Home Video Hovel: The Lost World, by David Bax
As adventure movies go, Harry O. Hoyt’s famous 1925 The Lost World starts off hitting all the right notes. An explorer’s journal has survived after a South American expedition—the explorer has not—and it purports the discovery of dinosaurs and other prehistoric beings still alive on an untouched plateau. Most in the scientific community are skeptical but a crackpot professor (Wallace Beery) and a young man (Lewis Stone) eager to prove himself to his paramour decide to make the trip and see for themselves.
In these early scenes, Hoyt builds tension and establishes characters with a remarkable economy and sophistication. Once the explorers arrive at their destination, though, he allows the spectacle to take over to the movie’s detriment. Though the result is impressive from an early special effects standpoint, it becomes less and less emotionally engaging as it goes on. Not helping matters is an overreliance on intertitles, a trap into which silent films can fall that usually marks an awkward, lumbering descent to their own doom.

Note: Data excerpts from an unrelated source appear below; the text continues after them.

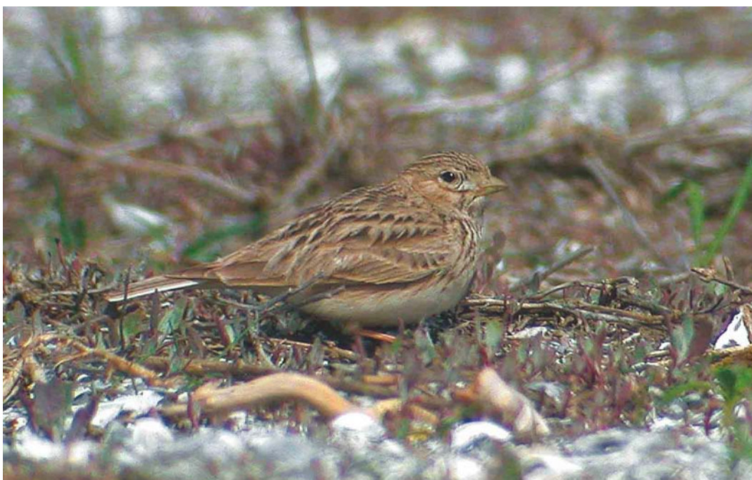
224 Kleine Kortteenleeuwerik / Lesser Short-toed Lark Calandrella rufescens , Zeebrugge, West-Vlaanderen, 27 april 2003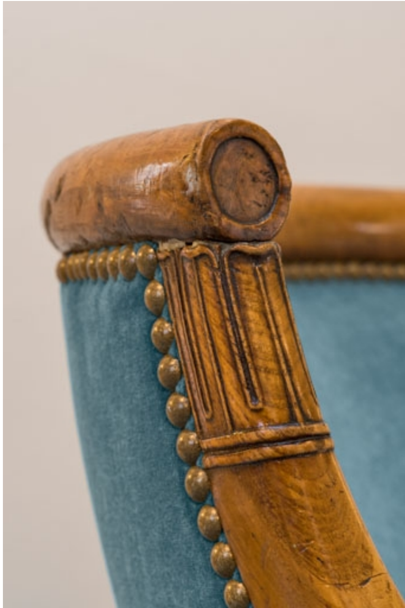
Fauteuil rembourré à dossier concave garni : décor de la traverse supérieure et d'un accotoir.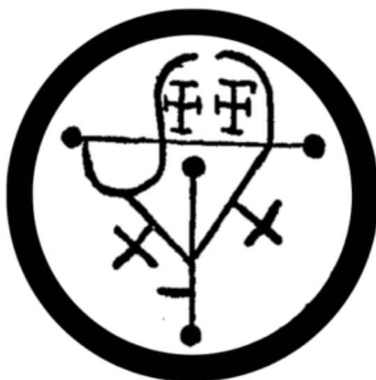
Imagem extraída do livro – No Reino dos Exus.

Exu morcego é uma entidade dos ventos, mas sua principal área de atuação é nos cemitérios e nas Kalungas.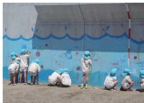
幼稚園児によるお絵かき会を開催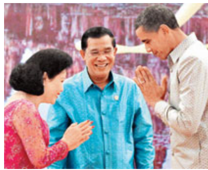
美國總統奧巴馬(右)本周歷史性出訪東南亞，當中柬埔寨一站，他表明只為參加峰會，還在閉門會議中表達

對當地民主及人權狀況的關注，令首相洪森頗為不滿。美國《投資者商業日報》報導，洪森夫人文拉妮(圖左)僅以對待僕人的方式與奧巴馬打招呼，極不尊重，質疑這或是報復奧巴馬的尖刻說話。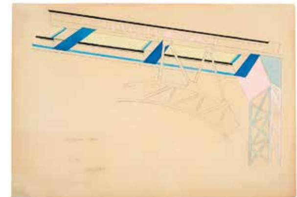
АННА ЛЕПОРСКАЯ КАЗИМИР МАЛЕВИЧ Потолок арки железного зала в Государственном Народном доме (Госнардом). 1931 Бумага, карандаш, гуашь. 44 x 63,5 см Слева внизу надпись, дата и подпись: Потолок арки 31 год Лепорская На обороте подпись, название и дата: Лепорская Потолок арки железного зала Госнардома б. гуашь 44 x 63,5 1931 г. Коллекция Кристины Гмуржинской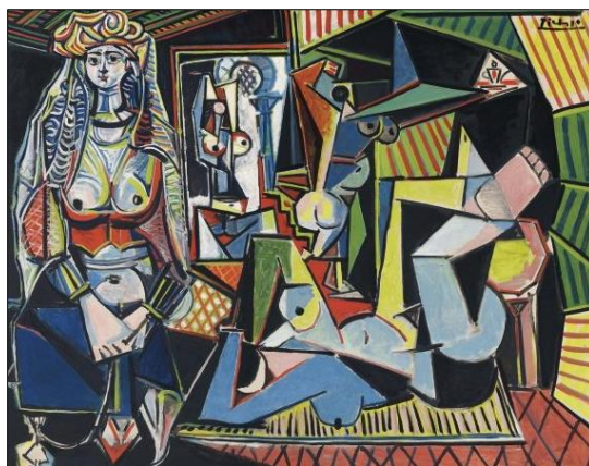
Alžírské ženy (1955)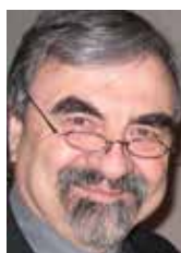
PAR ANDRÉ THIBAUT, Ph. D., PROFESSEUR ÉMÉRITE, UQTR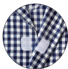
面ファスナー(マジック式)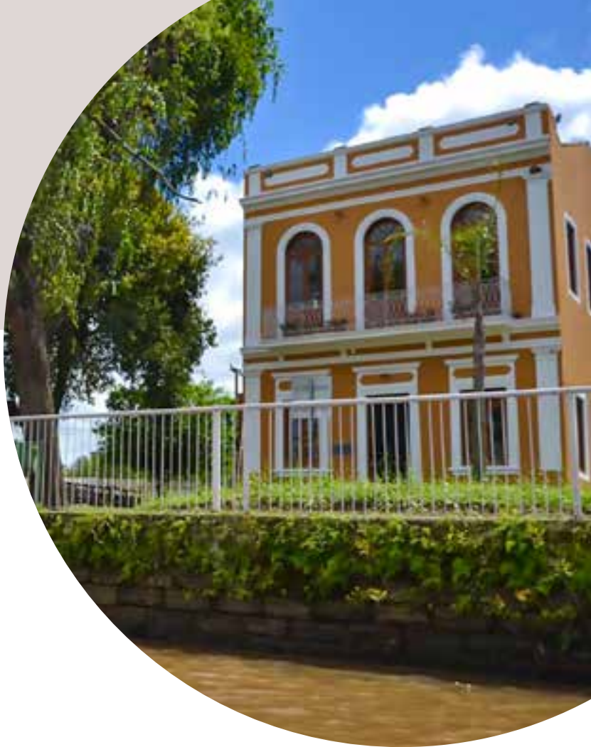
Museu do Rio, em São Leopoldo

Furthering the restless discomfort of The Lost World’s latter half is the inclusion of white actors in blackface as the party’s guides. Maybe, on an intellectual level, one can make excuses for the attitudes of the time but, in practice, all the rationalizations in the world don’t make it any easier to sit through. And then here come those intertitles again, relaying the guides’ dialogue in mocking, insulting pidgin English.
But, hey, why am I going on about all of this? Chances are, if you’ve decided to purchase and watch the Flicker Alley Blu-ray of The Lost World, it’s because you wanna see that sweet, sweet stop motion dinosaur action. On that note, I’m happy to say, the movie does not disappoint. Even before we get to the primeval beasts, in fact, Hoyt has already presented us with what’s practically a nature documentary. From crocodiles to sloths to everything else you’d hope to find in South America, the parade of real animal footage kicks off as soon as the party sets out. Once they reach the plateau, Hoyt kicks it up a notch with meticulously staged stop motion battles between t-rexes, triceratops, brontosauruses and more. Is it worth it for the racism and boredom of the other stuff? Probably not. But, as an artifact of early fantasy cinema, it’s noteworthy enough to be a collectible.

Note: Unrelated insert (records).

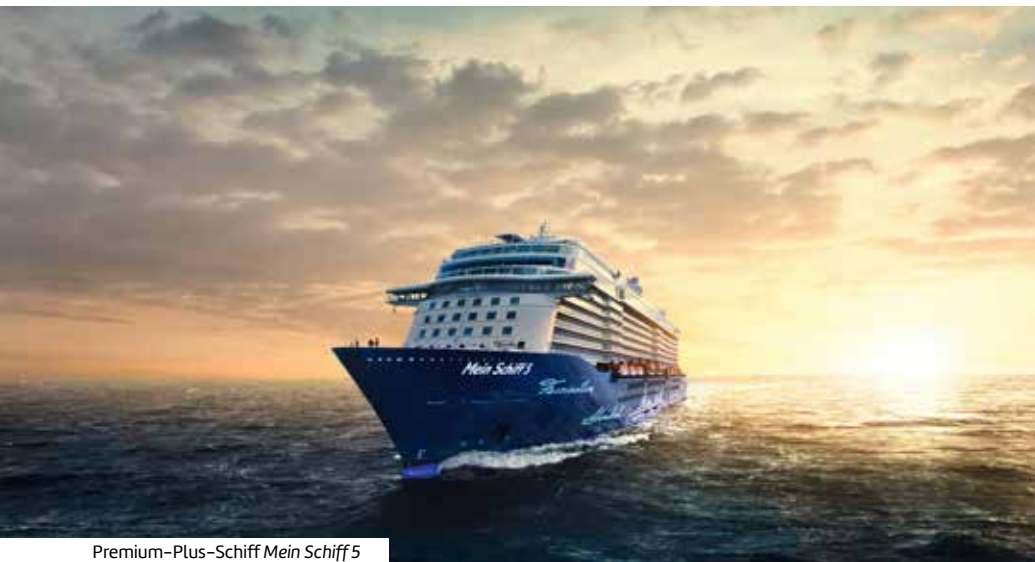
Premium-Plus-Schiff Mein Schiff 5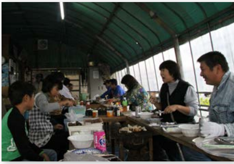
↑炭火焼きで味わうカキは格別のおいしさ！

11月3日、波多津ふれあい広場に恒例のカキ焼きがオープンしました。これは、地元の人たちが地域資源を生かしたまちづくりの一環として出店しているものです。この日は、初日ということで、カキ飯の販売やキノシロのみそ汁の振る舞い、自然薯など波多津産農産物の販売もありました。 来場者は、港や海をバックに磯の香りを感じながら、栄養豊富な海で育った旬のカキや伊万里牛などのバーベキューを堪能していました。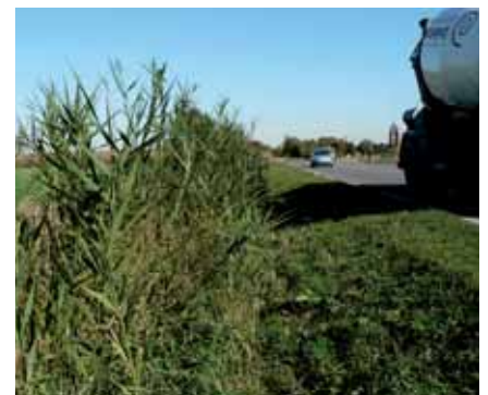
Préservation du fossé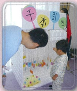
ゲームする子供たち

平成29年7月22日(土)に毎年恒例の海山荘の夏祭りが行われました。 今年のステージは大正琴のボランティアの皆様に来ていただきました。迫力ある演奏を披露していただきました。職員の日々練習してきたダンスや演劇も好評でした！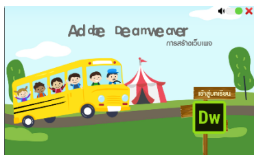
ภาพที่ 1 หน้าเข้าสู่บทเรียน

เมื่อพัฒนาบทเรียนคอมพิวเตอร์ช่วยสอนเสร็จเรียบร้อย ผู้วิจัยได้นำบทเรียนคอมพิวเตอร์ช่วยสอนไปให้ผู้เชี่ยวชาญด้านเนื้อหา และด้านเทคนิคและวิธีการ ประเมินคุณภาพบทเรียนคอมพิวเตอร์ช่วยสอน ได้ผลการประเมินดังตารางที่ 1

Flicker Alley’s Blu-ray comes from a 2K 2016 restoration that sourced more than ten separate elements to create the most complete reconstruction yet of The Lost World. Due to the varied sources, there is some inconsistency throughout in terms of density, dirt, etc. But the overall result, including the tinting and the direct coloring of torch flames, is outstanding.
Special features include an audio commentary by film historian Nicolas Ciccone, restored outtakes and deleted scenes, two short films that predate The Lost World, an unfinished 1930 feature by King Kong director Willis O’Brien and an essay by Serge Bromberg of Lobster Films.